One of my favourite techniques is to put a file containing the constants in directory config/initializers/
(all files in this directory are loaded automatically) but with a section for each different Rails environment. e.g.
case ENV['RAILS_ENV']
when "development"
SYSTEM_EMAIL = ...
SYSTEM_EMAIL_SIGNATURE = ...
when "staging"
SYSTEM_EMAIL = ...
SYSTEM_EMAIL_SIGNATURE = ...
when "production"
SYSTEM_EMAIL = ...
SYSTEM_EMAIL_SIGNATURE = ...
end
If you want, instead, to load up all the constants in one big hash then you can load them as a YAML file.

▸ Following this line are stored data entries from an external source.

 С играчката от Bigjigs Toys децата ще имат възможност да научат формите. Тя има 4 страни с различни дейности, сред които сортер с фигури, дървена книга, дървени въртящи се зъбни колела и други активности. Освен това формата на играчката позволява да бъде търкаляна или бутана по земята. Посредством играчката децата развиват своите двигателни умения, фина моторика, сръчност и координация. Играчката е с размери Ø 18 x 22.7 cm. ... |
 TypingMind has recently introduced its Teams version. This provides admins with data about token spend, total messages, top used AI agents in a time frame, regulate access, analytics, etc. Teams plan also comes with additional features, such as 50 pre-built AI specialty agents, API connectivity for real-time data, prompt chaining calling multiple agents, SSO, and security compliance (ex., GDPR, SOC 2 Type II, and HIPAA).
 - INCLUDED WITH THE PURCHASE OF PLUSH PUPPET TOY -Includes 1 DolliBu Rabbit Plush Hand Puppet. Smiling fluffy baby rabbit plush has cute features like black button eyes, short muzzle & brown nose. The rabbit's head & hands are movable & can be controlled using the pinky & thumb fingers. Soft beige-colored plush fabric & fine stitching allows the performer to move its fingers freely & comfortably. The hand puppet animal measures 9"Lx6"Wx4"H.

Create two files, one called, say, config/initializers/email_constants.rb
and the other config/email_constants.yml
. In the latter put something like:
development:
:system_email: ...
:system_email_signature: ...
staging:
:system_email: ...
system_email_signature: ...
... etc ...
Then in config/initializers/email_constants.rb
put:
EMAIL_CONSTANTS = YAML.load_file("#{RAILS_ROOT}/config/email_constants.yml")[RAILS_ENV]

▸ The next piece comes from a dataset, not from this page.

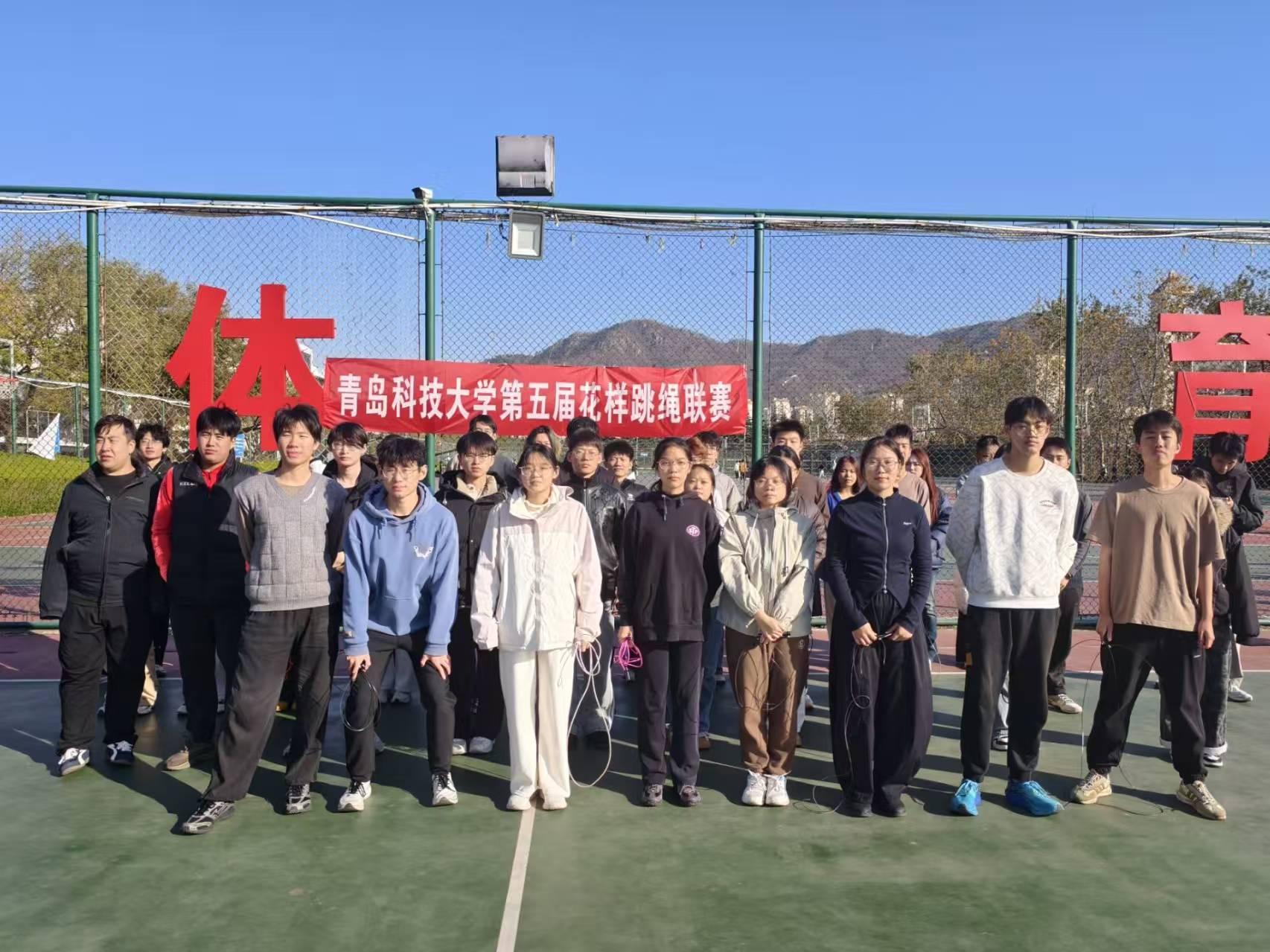 为丰富校园体育文化生活,由信息学院承办的学校(崂山校区)第五届花样跳绳联赛,于11月18日在崂山校区南苑田径场正式开赛,共11支学院代表队参赛。本次联赛内容为10人30秒单摇接力和10人8字跳绳两大集体项目,每支队伍由男女各10人组成。

This loads the entire YAML file and the assigns the value of the appropriate key (which represents the RAILS_ENV
) to EMAIL_CONSTANTS
.
The advantage of both of these techniques is locality. You can place all the constants that are related to each other (i.e. email constants in this case) in one file. Also, instead of having the same constants spread across three different files (one for each Rails environment) you have them all in one file.